◆ **Task instructions**:
Write out the data word for word, taking care that no picture is carried over.

*** Opening of Dataset excerpt ***

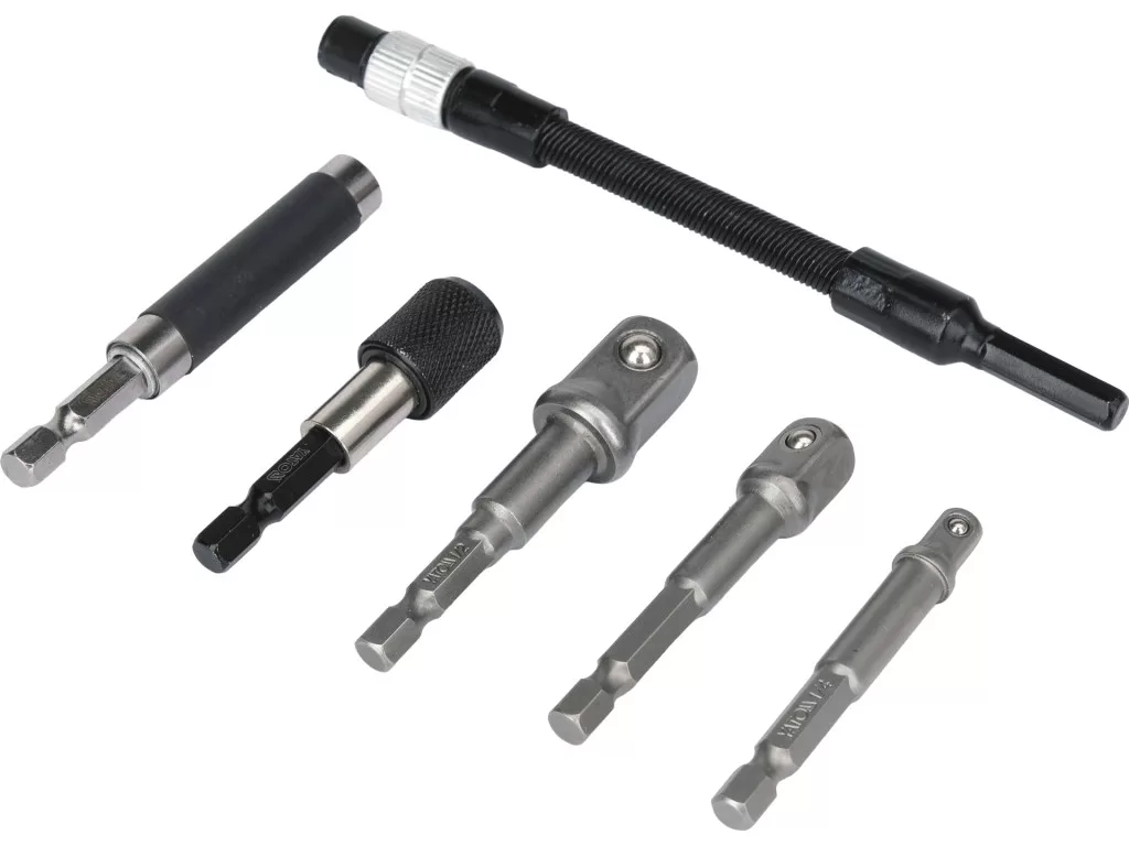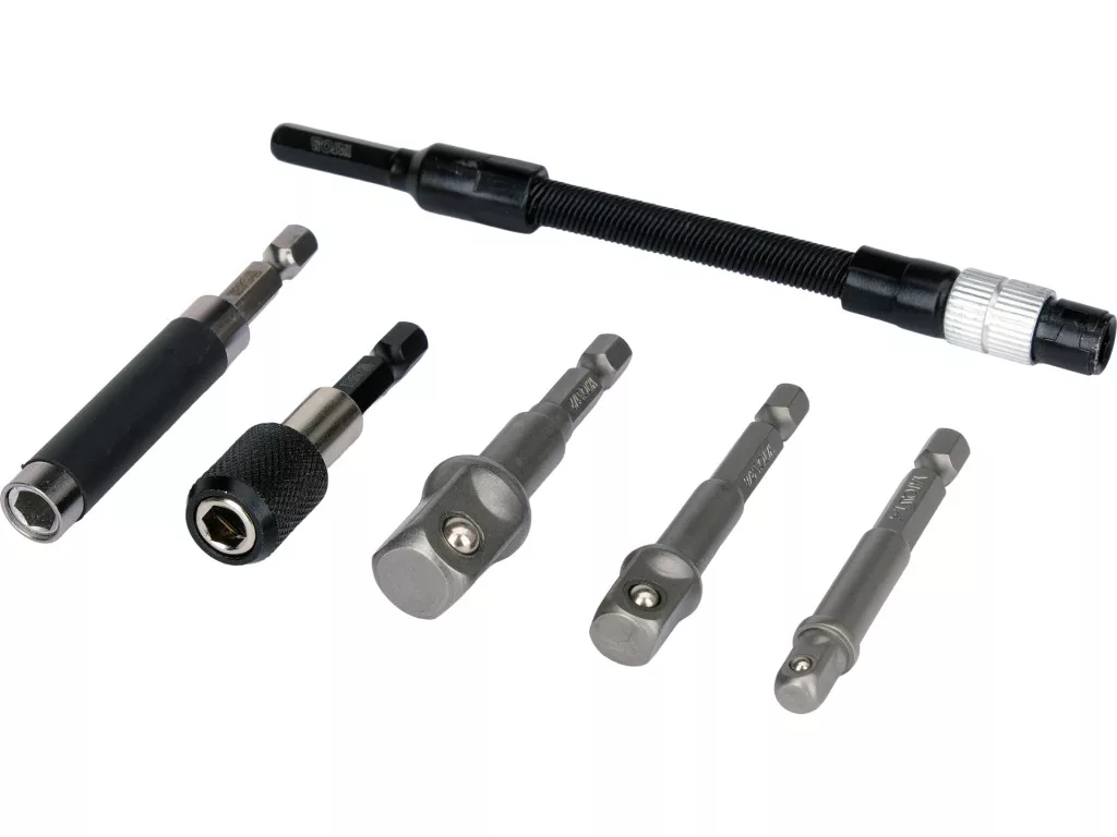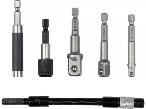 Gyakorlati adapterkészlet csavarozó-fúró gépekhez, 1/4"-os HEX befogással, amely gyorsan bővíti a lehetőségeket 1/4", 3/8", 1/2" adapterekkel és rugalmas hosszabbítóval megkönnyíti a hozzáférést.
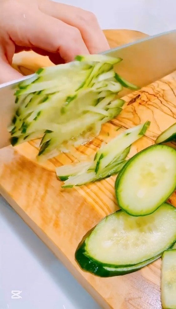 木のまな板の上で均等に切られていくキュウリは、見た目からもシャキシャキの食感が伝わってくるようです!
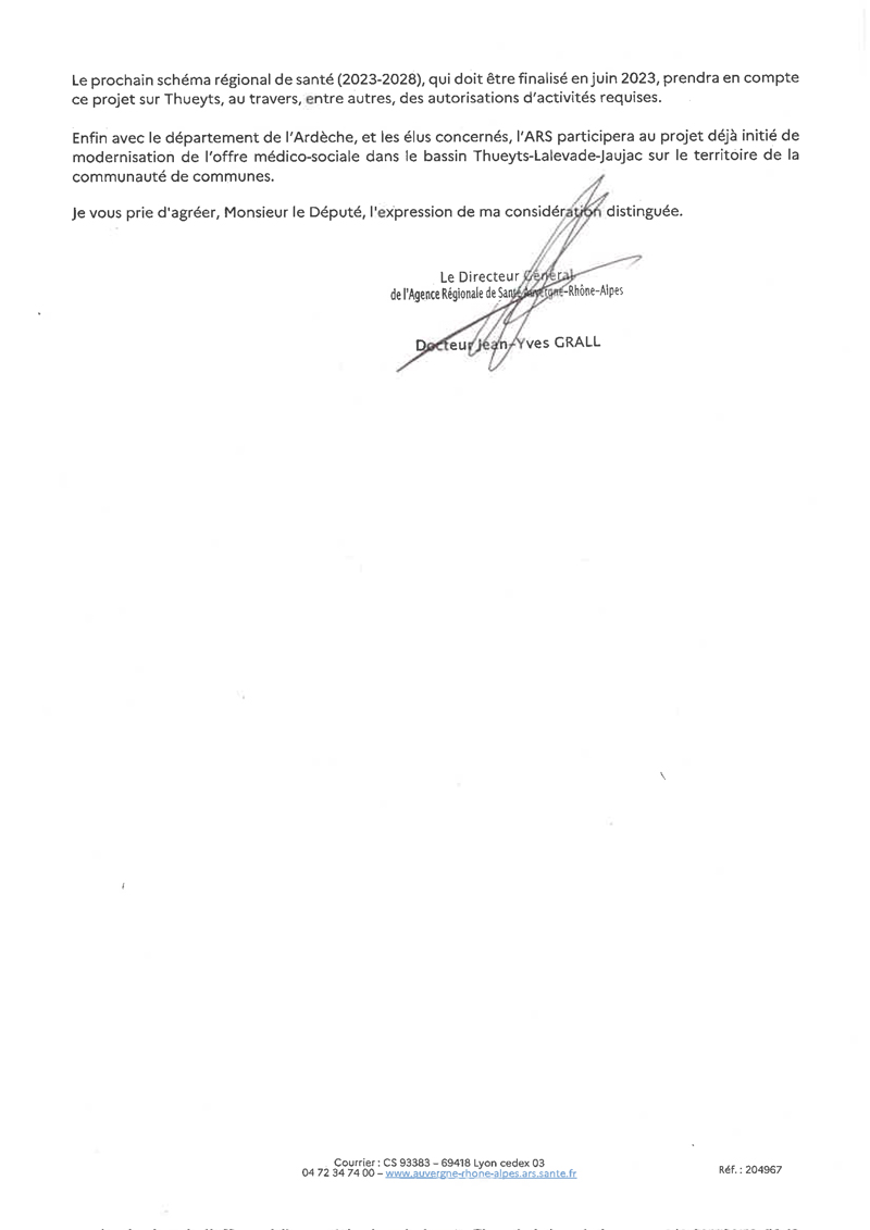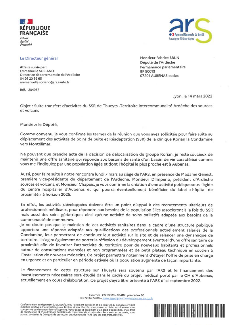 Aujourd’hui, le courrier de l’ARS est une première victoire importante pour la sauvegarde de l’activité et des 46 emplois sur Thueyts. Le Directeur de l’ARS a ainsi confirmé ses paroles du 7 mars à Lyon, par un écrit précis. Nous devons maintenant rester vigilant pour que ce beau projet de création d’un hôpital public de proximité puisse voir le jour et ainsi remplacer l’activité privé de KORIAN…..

*** Close of Dataset excerpt ***

◆ **Output below**:
 Gyakorlati adapterkészlet csavarozó-fúró gépekhez, 1/4"-os HEX befogással, amely gyorsan bővíti a lehetőségeket 1/4", 3/8", 1/2" adapterekkel és rugalmas hosszabbítóval megkönnyíti a hozzáférést.
 木のまな板の上で均等に切られていくキュウリは、見た目からもシャキシャキの食感が伝わってくるようです!
 Aujourd’hui, le courrier de l’ARS est une première victoire importante pour la sauvegarde de l’activité et des 46 emplois sur Thueyts. Le Directeur de l’ARS a ainsi confirmé ses paroles du 7 mars à Lyon, par un écrit précis. Nous devons maintenant rester vigilant pour que ce beau projet de création d’un hôpital public de proximité puisse voir le jour et ainsi remplacer l’activité privé de KORIAN…..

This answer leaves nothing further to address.